FDA Approves BIMZELX for Psoriatic Arthritis, Axial Spondyloarthritis, and Ankylosing Spondylitis

BRUSSELS, Belgium, September 23, 2024 – UCB, a prominent biopharmaceutical company, announced today that the U.S. Food and Drug Administration (FDA) has granted approval for BIMZELX® (bimekizumab-bkzx) to treat adults with several chronic inflammatory conditions. These include active psoriatic arthritis (PsA), active non-radiographic axial spondyloarthritis (nr-axSpA) with objective signs of inflammation, and active ankylosing spondylitis (AS). Notably, bimekizumab-bkzx is the first treatment approved for these three conditions that targets both interleukin 17A (IL-17A) and interleukin 17F (IL-17F), two cytokines that play a central role in the inflammatory process.

Previously, BIMZELX received FDA approval in October 2023 for treating moderate-to-severe plaque psoriasis in adults who are candidates for systemic therapy or phototherapy. Emmanuel Caeymaex, Executive Vice President at UCB, emphasized the significance of this expanded approval, noting that it underscores the clinical benefits of dual inhibition of IL-17A and IL-17F. He added that this approval could help more patients with chronic inflammatory diseases achieve meaningful clinical outcomes.

For administration, the FDA recommends a dosage of 160 mg bimekizumab by subcutaneous injection every four weeks for adults with active PsA, active nr-axSpA with objective inflammation signs, and active AS. For PsA patients with moderate to severe plaque psoriasis, the same dosage and administration guidelines apply.

Bimekizumab was tested in Phase 3 clinical studies, showing meaningful and consistent clinical responses. These studies included patients who had previously shown inadequate response to TNF inhibitors and those new to biologics. According to Dr. Joseph F. Merola, a professor and investigator in the BE OPTIMAL and BE COMPLETE studies, the clinical responses achieved at Week 16 were sustained up to 52 weeks. This was validated through various measures, including the American College of Rheumatology 50 (ACR50) response, Psoriasis Area, and Severity Index 90 (PASI90), and complete skin clearance (PASI100).
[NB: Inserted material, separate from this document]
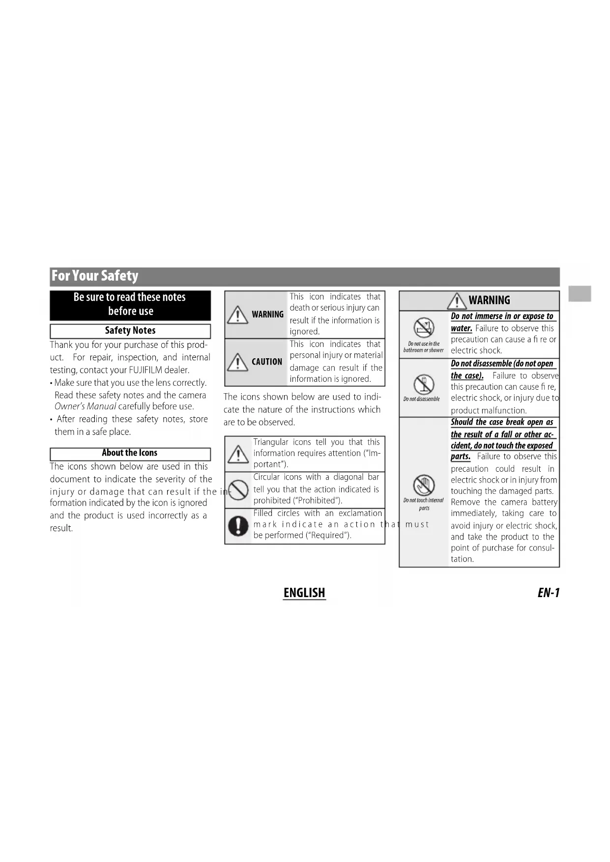- After reading these safety notes, store them in a safe place. About the Icons The icons shown below are used in this document to indicate the severity of the injury or damage that can result if the in- formation indicated by the icon is ignored and the product is used incorrectly as a result. WARNINGThis icon indicates that death or serious injury can result if the information is ignored.CAUTIONThis icon indicates that personal injury or material damage can result if the information is ignored. The icons shown below are used to indi- cate the nature of the instructions which are to be observed. Triangular icons tell you that this information requires attention (“Im-portant”).Circular icons with a diagonal bar tell you that the action indicated is prohibited (“Prohibited”).Filled circles with an exclamation mark indicate an action that must be performed (“Required”). WARNING WARNING Do not use in the bathroom or showerDo not immerse in or expose to water. Failure to observe this precaution can cause a fi re or electric shock.Do not disassembleDo not disassemble (do not open the case). Failure to observe this precaution can cause fi re, electric shock, or injury due to product malfunction.Do not touch internal partsShould the case break open as the result of a fall or other ac-cident, do not touch the exposed parts. Failure to observe this precaution could result in electric shock or in injury from touching the damaged parts. Remove the camera battery immediately, taking care to avoid injury or electric shock, and take the product to the point of purchase for consul-tation.EN-2 ENGLISH WARNING WARNING Do not place on unstable sur- faces. The product may fall, causing injury. Do not view the sun through the lens or camera view nders. Failure to observe this precau- tion can cause permanent visual impairment. CAUTION CAUTION Do not use or store in locations that are exposed to steam, or smoke or are very humid or extremely dusty. Failure to observe this precaution can cause fi re or electric shock. Do not leave in direct sunlight or in locations subject to very high temperatures, such as in a closed vehicle on a sunny day. Failure to observe this precau- tion can cause fi re. CAUTION CAUTION Keep out of the reach of small children. This product could cause injury in the hands of a child. Do not handle with wet hands. Failure to observe this precau- tion can cause electric shock. Keep the sun out of the frame when shooting backlit subjects. Sunlight focused into the camera when the sun is in or close to the frame can cause fi r e o r b u r n s . When the product is not in use, replace the lens caps and store out of direct sunlight. Sunlight focused by the lens can cause fi r e o r b u r n s . Do not carry the camera or lens while they are attached to a tripod. The product can fall or strike other objects, caus- ing injury. For Customers in the U. S. A. For Customers in the U. S. A. Tested To Comply With FCC Standards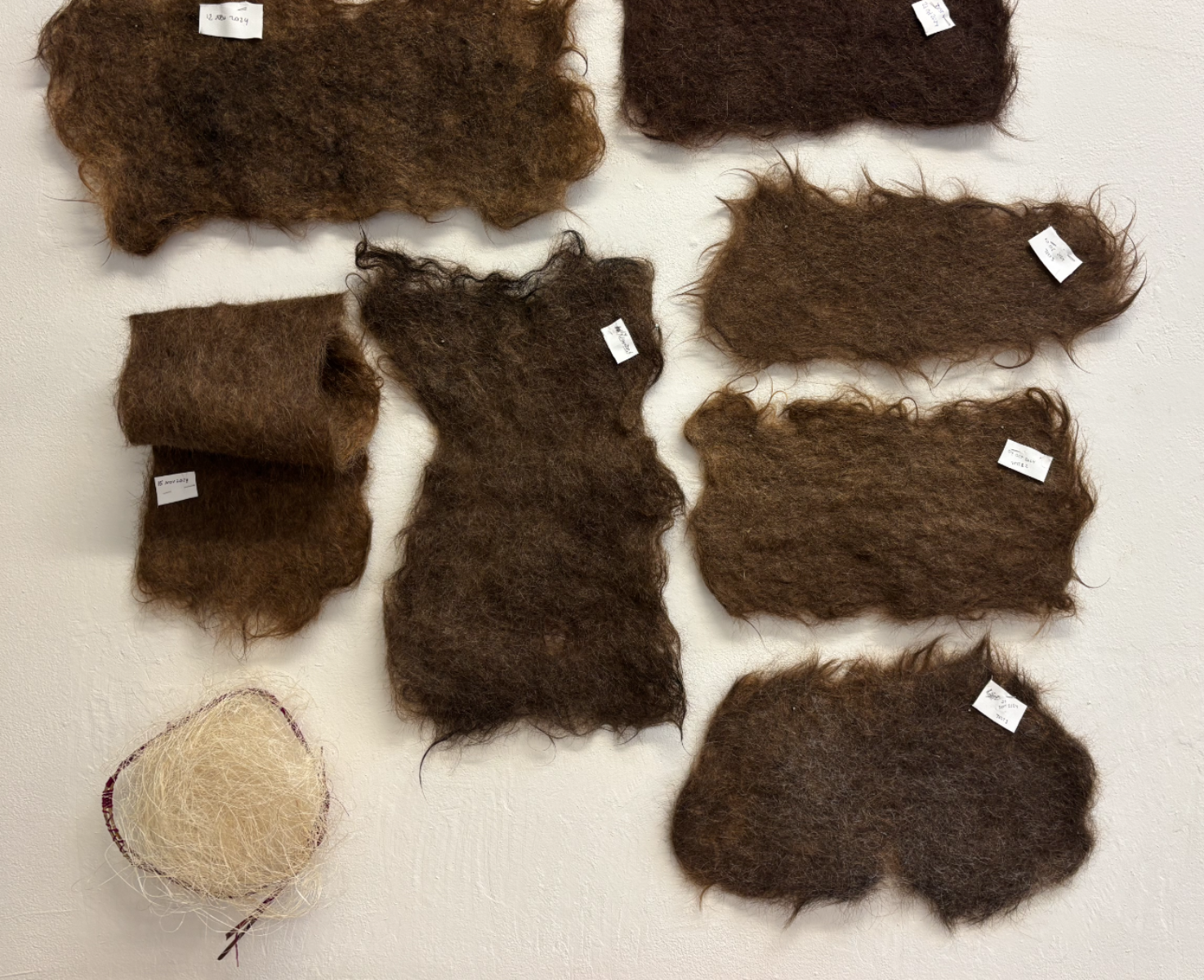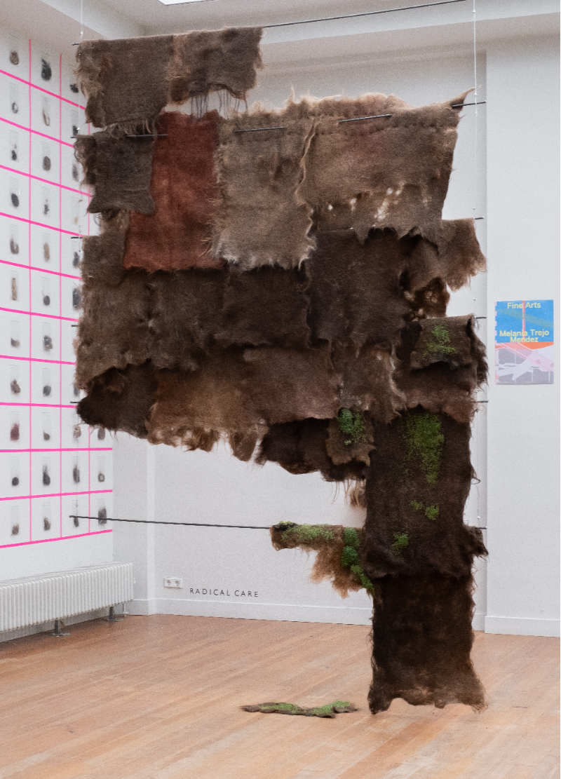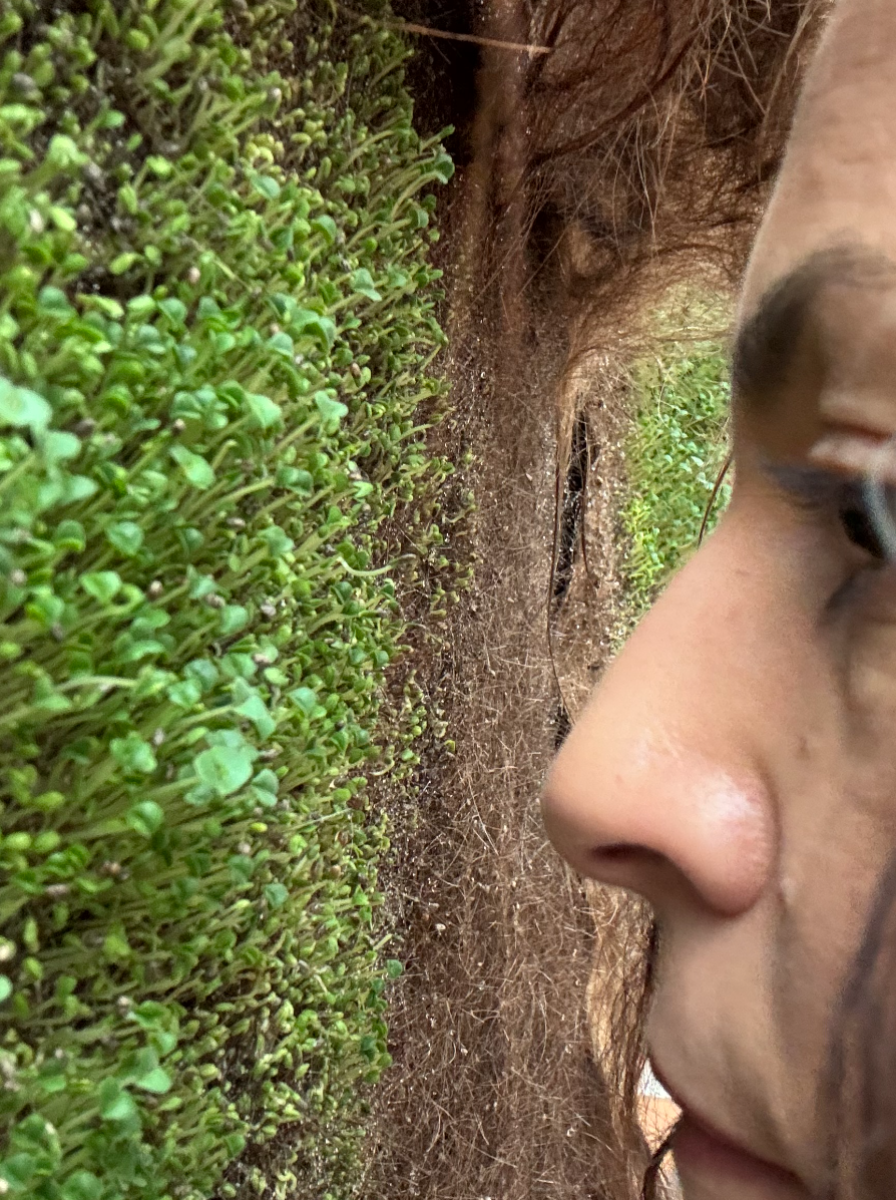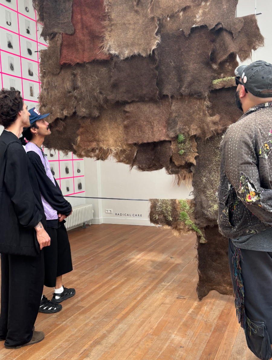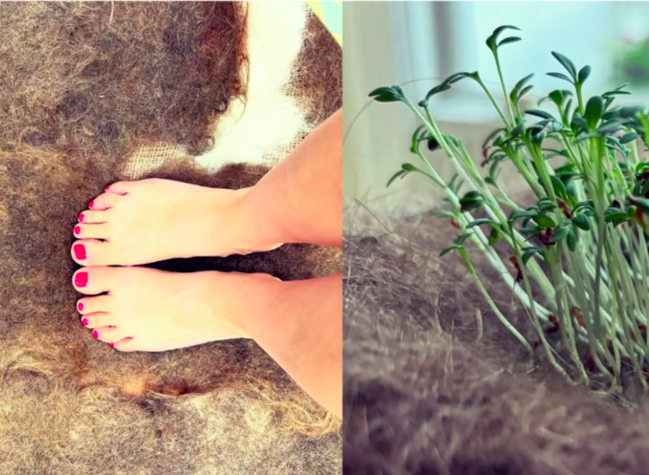 Interested in the potential of radical matter (traditionally thought as waste), Melania’s artistic research contributes to an art movement that looks into rebalancing our (human) relationship with the planet. Her detailed investigation on human hair shows a deep understanding of the material's chemical components, it's potential applications for design and regenerative use, relationality and political implications. R A D I C A L C A R E, her graduation project, is a large scale installation that consists of two pieces: a hand-felted textile made of human hair (400 x 190cm) bringing life to (edible) micro greens that can be seen sprouting from it, and a collection of approx 200 hair donations that carry the stories and connections from the female bodies/territories they once belonged. This piece has a strong conceptual element. It is provocative, experimental and biodegradable. A profound statement on materiality (beyond sustainability), ecological awareness, and reclamation of contemporary craft.

Moreover, the approval of bimekizumab for active nr-axSpA and active AS is supported by data from the BE MOBILE 1 and BE MOBILE 2 studies. These studies demonstrated that patients treated with bimekizumab experienced improvements in disease activity and symptoms that were sustained for up to one year. Dr. Atul Deodhar, a professor and medical director at Oregon Health & Science University, highlighted that the clinical responses were consistent across both TNFi-naïve and TNFi-inadequate responder patients.

Psoriatic arthritis (PsA) is a chronic systemic inflammatory condition affecting both joints and skin, with symptoms that include joint pain and stiffness, skin plaques, and inflammation at the site where tendons or ligaments insert into the bone. Approximately 30 percent of people living with psoriasis develop PsA.

Axial spondyloarthritis (axSpA), encompassing non-radiographic axSpA (nr-axSpA) and ankylosing spondylitis (AS), is an inflammatory disease primarily affecting the spine and sacroiliac joints. The primary symptom is inflammatory back pain, which improves with exercise but not with rest. Other common features include uveitis, enthesitis, peripheral arthritis, psoriasis, and inflammatory bowel disease.

Bimekizumab-bkzx is a humanized IgG1 monoclonal antibody that selectively targets IL-17A and IL-17F cytokines. Elevated levels of these cytokines are found in psoriatic lesions, which underscores the therapeutic significance of bimekizumab in addressing these chronic inflammatory conditions.

UCB, headquartered in Brussels, Belgium, is focused on developing innovative treatments for severe diseases of the immune and central nervous systems. With a global workforce of around 9,000 employees, UCB generated revenue of €5.3 billion in 2023.